Contributors to the study include Dr. Ryan M. Pace, Dr. Matthew Carroll, Benjamin Belfort, Angela M. Major, Dr. Derrick M. Chu, Dr. Diana A. Racusin, Dr. Eumenia C. C. Castro, Dr. Kenneth L. Muldrew and Dr. James Versalovic, all from Baylor College of Medicine. Aagaard also holds professorships in the Departments of Molecular and Human Genetics, Molecular and Cellular Biology, and Molecular Physiology and Biophysics.

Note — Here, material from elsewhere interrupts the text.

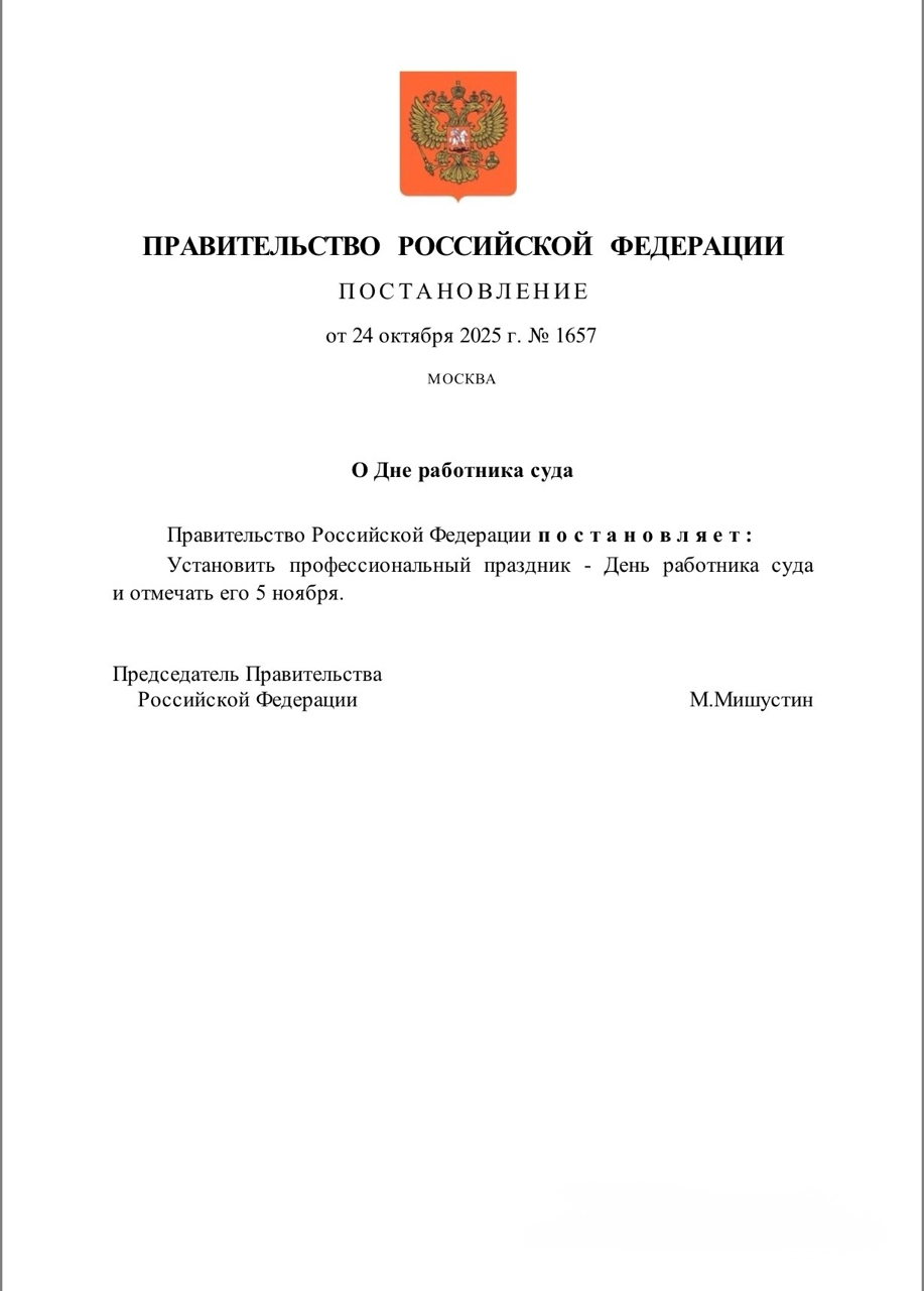 ![]() Постановление об установлении профессионального праздника - День работника суда Постановлением Правительства Российской Федерации от 24 октября 2025 года № 1657 установлен новый профессиональный праздник - День работника суда. Этот праздник будет отмечаться ежегодно 5 ноября. Празднование приурочено к дате издания указа Императора Всероссийского Петра I «О форме суда». |

Funding: This work was supported by the March of Dimes Preterm Birth Research Initiative, the Burroughs Wellcome Fund Preterm Birth Initiative, and the NIH (grants 1R01NR014792, 6R01DK089201, R01HD091731, NICHD N01-HD-80020 NCS Formative Research).
Source:
Baylor College of Medicine
Media Contacts:
Graciela Gutierrez – Baylor College of Medicine
Image Source:
The image is in the public domain.
Original Research: Closed access
“Visualization of microbes by 16S in situ hybridization in term and preterm placentae without intraamniotic infection.” Kjersti Aagaard et al. American Journal of Obstetrics & Gynecology. doi: 10.1016/j.ajog.2019.04.036
Abstract
Visualization of microbes by 16S in situ hybridization in term and preterm placentae without intraamniotic infection
Background
Histologic studies have reported bacteria in placental membranes and the basal plate decidua without associated inflammation, and metagenomic analyses have reported altered taxonomic profiles linked to spontaneous preterm birth. This study aimed to localize intact bacterial cells using molecular histology within placental microanatomy.
Objective
The study used a signal-amplified 16S in situ hybridization probe set for bacterial rRNA alongside Warthin–Starry and Gram stains and clinical culture methods. It also compared 16S sequencing profiles against germ-free mouse samples and extraction and amplicon contamination controls.
Study Design
Placentas were collected from 53 subjects: term labored (n = 4), term unlabored cesarean (n = 22), preterm vaginal (n = 18), and preterm cesarean (n = 8). One placenta with clinical chorioamnionitis served as a positive control. The preterm group included spontaneous preterm births with and without premature rupture of membranes, and medically indicated preterm births. In situ hybridization targeted conserved regions of the bacterial 16S ribosome with branched DNA probes to amplify signal. Extracted nucleic acids were sequenced (16S V4) with environmental and kit contaminant controls; a subset of term, unlabored cesarean samples also underwent clinical culture.
Results
Molecular in situ hybridization allowed visualization and localization of low-abundance microbes after systematic high-power scanning. Even without clinical or histologic chorioamnionitis in 52 of 53 subjects, 16S rRNA signal was observed in many spontaneous preterm placentas (13 of 16) and in term unlabored cesarean placentas (18 of 22), a difference that was not statistically significant. Signals localized mainly to the villous parenchyma and syncytiotrophoblast, and less often to the chorion and maternal intervillous space. Visualization occurred despite negative results by routine culture, hematoxylin–eosin, and Gram stains in most cases. Taxonomic analyses distinguished placental 16S profiles from negative and contamination controls, and contaminant-filtered data revealed distinct taxonomic compositions between term and preterm cohorts.
Conclusion
Intact placental microbes can be visualized as low-abundance, sparse populations within the placenta regardless of gestational age or delivery mode. Their taxonomic profiles differ from contamination controls, supporting previous metagenomic findings of low-biomass placental microbial communities.